I've searched in several places and haven't found an answer for my question. I'm enrolled in a MS. CS. program that requires to do some development using OpenGL and/or DirectX, I already have a laptop with dedicated graphics that I currently use but it is too big/heavy to be using it while traveling. I'm considering buying a Surface Pro 2 to do some development and also for taking notes. Has anyone used their Surface Pro 2 for C++/DirectX/OpenGL development? Any recommendations?

Thanks!
 
Since your development type involve graphics, I think the Surface Pro 3 could suit you better because of a larger screen. Price is the same, and there is also the option for HD5000 graphics in the i7 form.
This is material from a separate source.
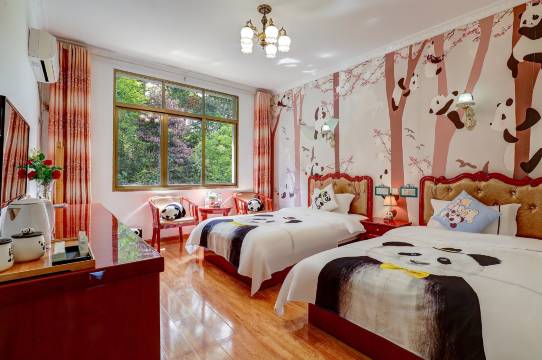 猫粉儿的好选择,非常适合顶门去看熊熊们。酒店墙画、杯子、凳子、拖鞋等等也是熊猫主题,内室干净整洁,早饭也很丰盛.由于赶时间一时没打到下山出租车,老板还帮忙载到游客中心方便打车,很nice的老板一家。
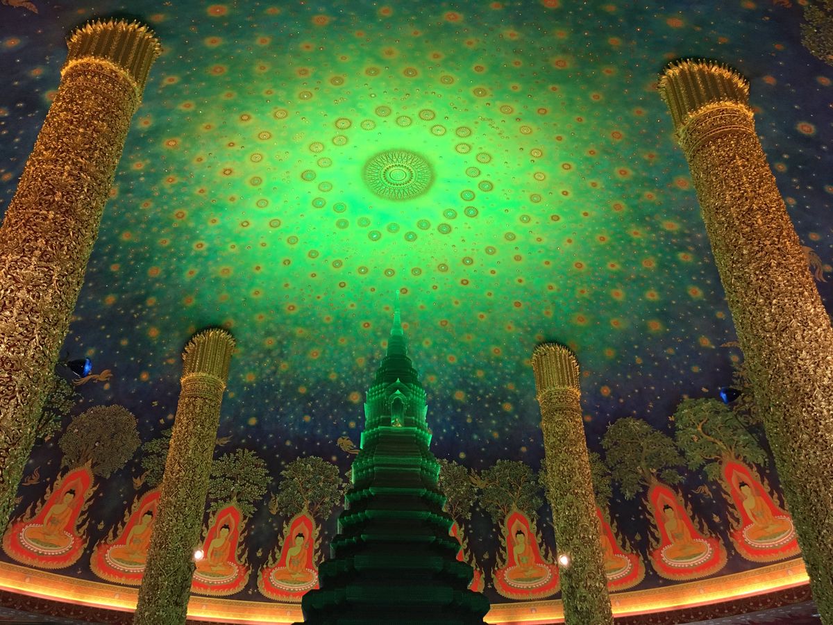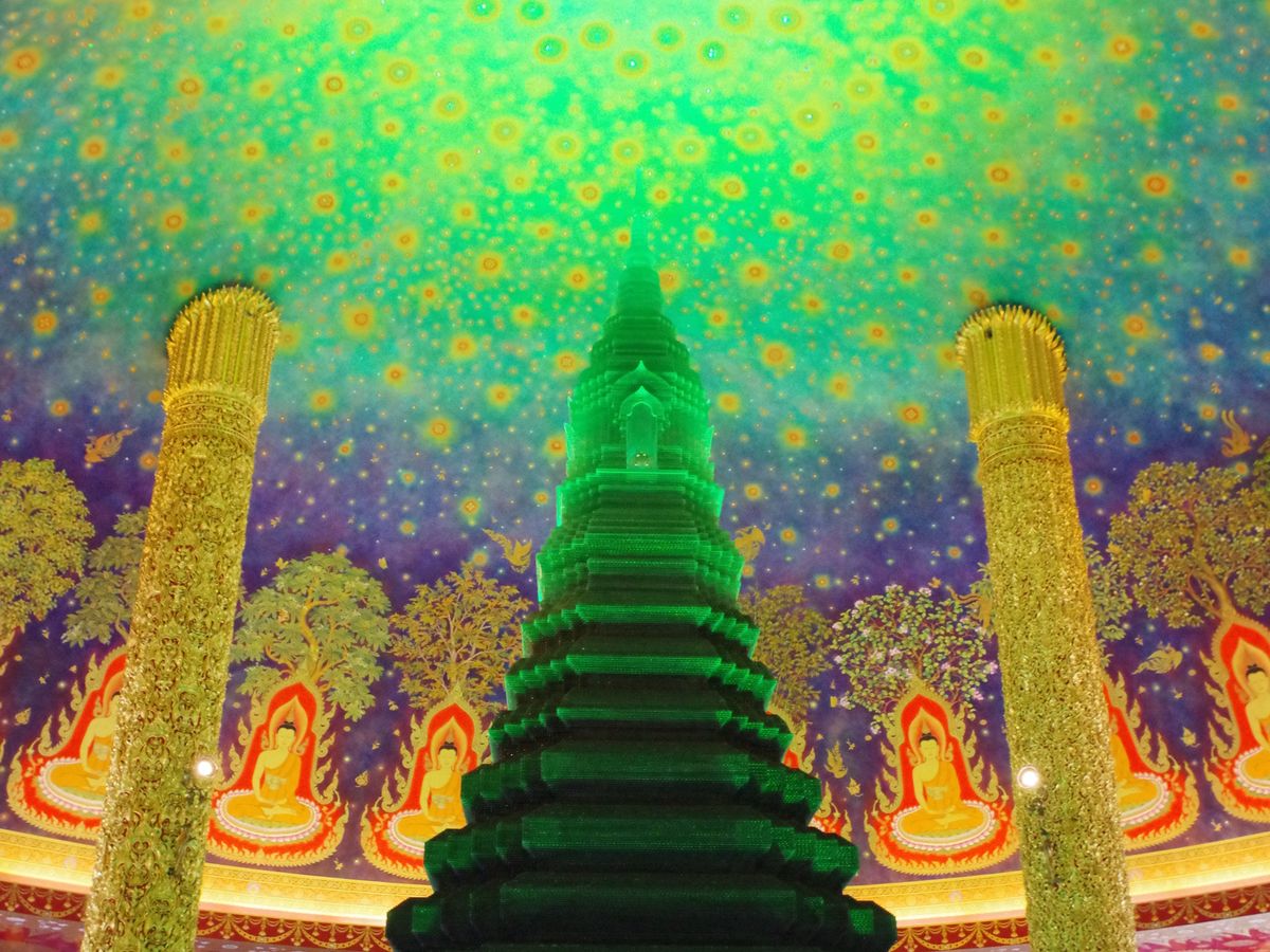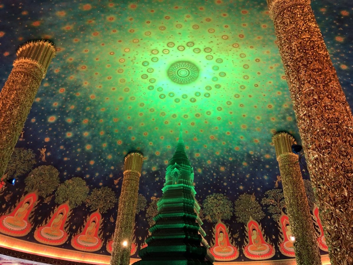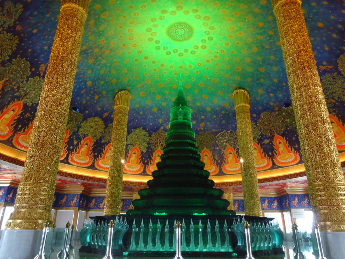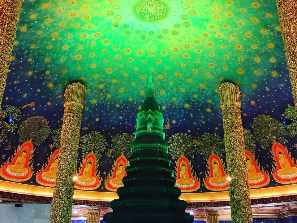 次は待ちに待ったワットパクナム。建物の外観に感動はなくエレベーターで4階に案内されました。エレベーターを出ると思わす感動で「ワァー」って声が出てしましました。エメラルドグリーンに輝く仏塔と天井に描かれた壁画に目が奪われしばらくその場を動くことができませんでした。ガイドさんに2人で記念写真を撮っていただきました。後はゆっくり何枚も何枚も写真を撮りました。

As far as graphics go, I think that it is better to develop on a device with low-midrange graphics power (but with a graphics card very compatible to all 3D standards), because you don't want to see 40FPS on your development computer and then move to a regular customer laptop and see 15FPS, right ? :)
 
Since your development type involve graphics, I think the Surface Pro 3 could suit you better because of a larger screen. Price is the same, and there is also the option for HD5000 graphics in the i7 form.

As far as graphics go, I think that it is better to develop on a device with low-midrange graphics power (but with a graphics card very compatible to all 3D standards), because you don't want to see 40FPS on your development computer and then move to a regular customer laptop and see 15FPS, right ? :)

Actually you want the fastest possible machine to code/develop, and then get a slow as hell PC to test.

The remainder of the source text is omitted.